여기서는 모델을 구현해본다. 여기서 사용하는 신경망은 CBOW(continuos bag-of-words)모델이다.

CBOW 모델의 추론 처리

CBOW 모델은 맥락으로부터 타깃을 추측하는 용도의 신경망이다. 아래와 같은 구조를 갖는다. 보면 입력은 2개인데, 은닉층은 1개이다. 이 경우에는 각 입력에서 나온 은닉층을 평균을 취한다. 출력층 뉴런은 각 단어가 정답일 점수를 반환한다. 이 점수에 소프트맥스 함수를 적용하면 확률을 얻을 수 있다. CBOW 모델의 추론 처리를 파이썬으로 구현해보자.

import numpy as np
from common.layers import MatMul

# 샘플 맥락 데이터
c0 = np.array([[1, 0, 0, 0, 0, 0, 0]])
c1 = np.array([[0, 0, 1, 0, 0, 0, 0]])

# 가중치 초기화
W_in = np.random.randn(7, 3)
W_out = np.random.randn(3, 7)

# 계층 생성
in_layer0 = MatMul(W_in)
in_layer1 = MatMul(W_in)
out_layer = MatMul(W_out)

# 순전파
h0 = in_layer0.forward(c0)
h1 = in_layer1.forward(c1)
h = 0.5 * (h0 + h1)
s = out_layer.forward(h) 

print(s) # [[-0.15226882 -1.91760307  0.8080126   1.77896494  0.08403568 -1.37749376  1.42677427]]

CBOW 모델의 학습

출력층에서는 각 단어의 점수를 출력했다. 이 점수에 소프트맥스 함수를 적용하면 ‘확률’을 얻을 수 있다. CBOW 모델의 학습에서는 가중치를 조정하는 일을 한다. 이 신경망을 학습하려면 소프트맥스와 교차 엔트로피 오차를 이용한다. 여기서는 소프트맥스 함수를 이용해 점수를 확률로 변환하고, 그 확률과 정답 레이블로부터 교차 엔트로피 오차를 구한 후, 그 값을 손실로 사용해 학습을 진행한다.

학습 데이터 준비

맥락과 타깃

word2vec에서 입력은 맥락이고, 출력은 맥락사이의 단어이다. 학습을 위해서는 말뭉치에서 타깃과 그 타깃의 맥락을 만들어야한다.

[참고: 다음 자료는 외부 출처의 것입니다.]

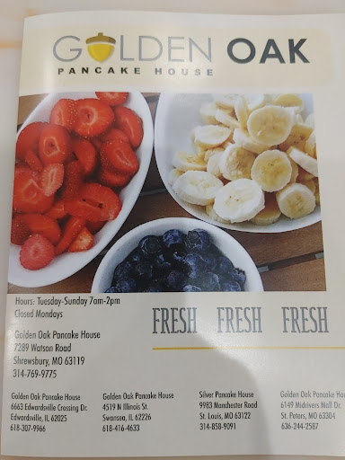 Ā Ā Ā Read moreMy first visit to the Golden Oak Pancake House started with me having to wait as the person I presume to be the manager, was helping an elderly person. After the wait I was eventually seated at a table in which the upholstery on the chairs were peeling which was not very desirable at all. I did notice that the upholstery on other chairs and tables we're bad but not nearly as bad as the table I was sat at the server who took my order did not understand enough English to answer my questions which was a problem, but I did make it work. Ended up ordering a two egg breakfast with turkey sausage and fresh fruit which consisted of cut up strawberries bananas and blueberries and pancakes. I ordered my scrambled eggs with American cheese and instead of scrambling the cheese in the eggs they just laid slices on top. That wasn't what I was expecting. The turkey sausage was good, the fresh fruit was fresh fruit. However I see why they are called a pancake house. I had the plain pancakes but they were so fluffy. The pancakes really were the star of the show. The service however was not. At one point the manager brought a coffee pot refilling coffee and literally walked by every table but mine even though I had an empty coffee cup ever filled every cup of coffee in my side of the restaurant but my own. On top of that my server was so busy because the restaurant is quite large that she was not able to do proper table touches for me. Compared to all of the other diners I was definitely sticking out like a sore thumb, don't know if that affected my experience, but I definitely know my experience was not good enough for me to recommend it to someone who called me while I was eating and I didn't even want to recommend the place to them even though...

먼저 맥락과 타깃을 만들기 전, 말뭉치 텍스트를 단어 ID로 변환해야한다. 이 작업에는 2장에서 구현한 preprocess() 함수를 이용한다.

from common.util import preprocess

text = 'You say goodbye and I say hello.'
corpus, word_to_id, id_to_word = preprocess(text)
print(corpus) # [0 1 2 3 4 1 5 6]

print(id_to_word) # {0: 'you', 1: 'say', 2: 'goodbye', 3: 'and', 4: 'i', 5: 'hello', 6: '.'}

그 다음 단어 ID의 배열인 corpus로부터 맥락과 타깃을 만든다. 구체적으로는 아래처럼 corpus를 주면 맥락과 타깃을 반환하는 함수를 작성한다. window_size는 좌우 몇 단어만큼 맥락으로 사용할지이다.

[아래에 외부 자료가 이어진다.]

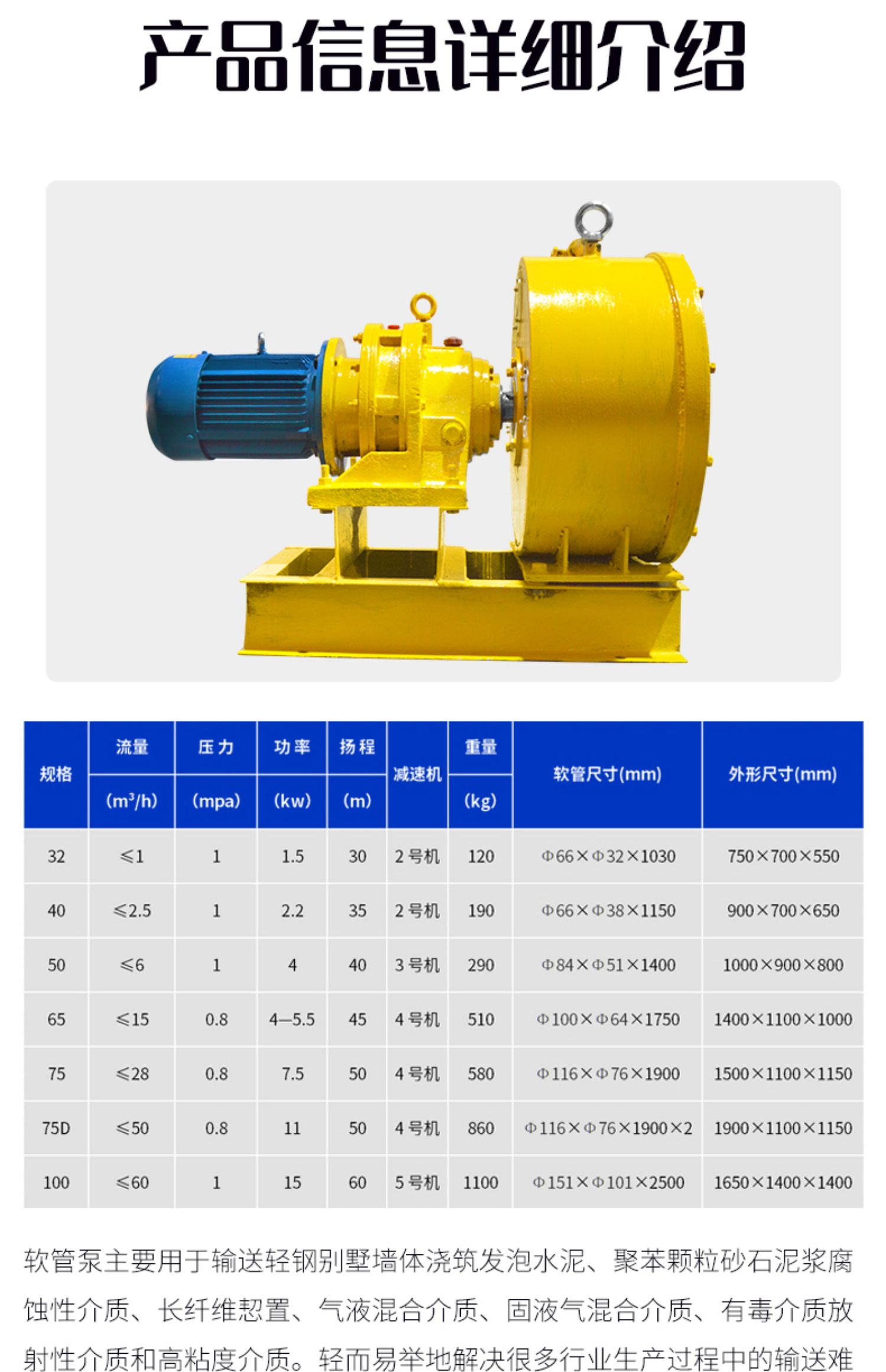 输送介质 | 混凝土发泡水泥污水污泥涂料粪便等 | ||

def create_contexts_target(corpus, window_size=1):
    target = corpus[window_size:-window_size]
    contexts = []
    
    for idx in range(window_size, len(corpus)-window_size):
        cs = []
        for t in range(-window_size, window_size+1):
            if t == 0:
                continue
            cs.append(corpus[idx+t])
        contexts.append(cs)
        
    return np.array(contexts), np.array(target)

contexts, target = create_contexts_target(corpus, window_size=1)

print(contexts)
#---------------------출력---------------------#
# [[0 2]
#  [1 3]
#  [2 4]
#  [3 1]
#  [4 5]
#  [1 6]]

print(target) # [1 2 3 4 1 5]

원핫 표현으로 변환

맥락과 타깃을 원핫표현으로 바꿔보자. 수행하는 과정은 아래와 같다. convert_one_hot() 함수는 맥락과 타깃을 입력으로 주면 이를 원핫벡터로 변환한 값을 리턴해준다.

def convert_one_hot(corpus, vocab_size):
    N = corpus.shape[0]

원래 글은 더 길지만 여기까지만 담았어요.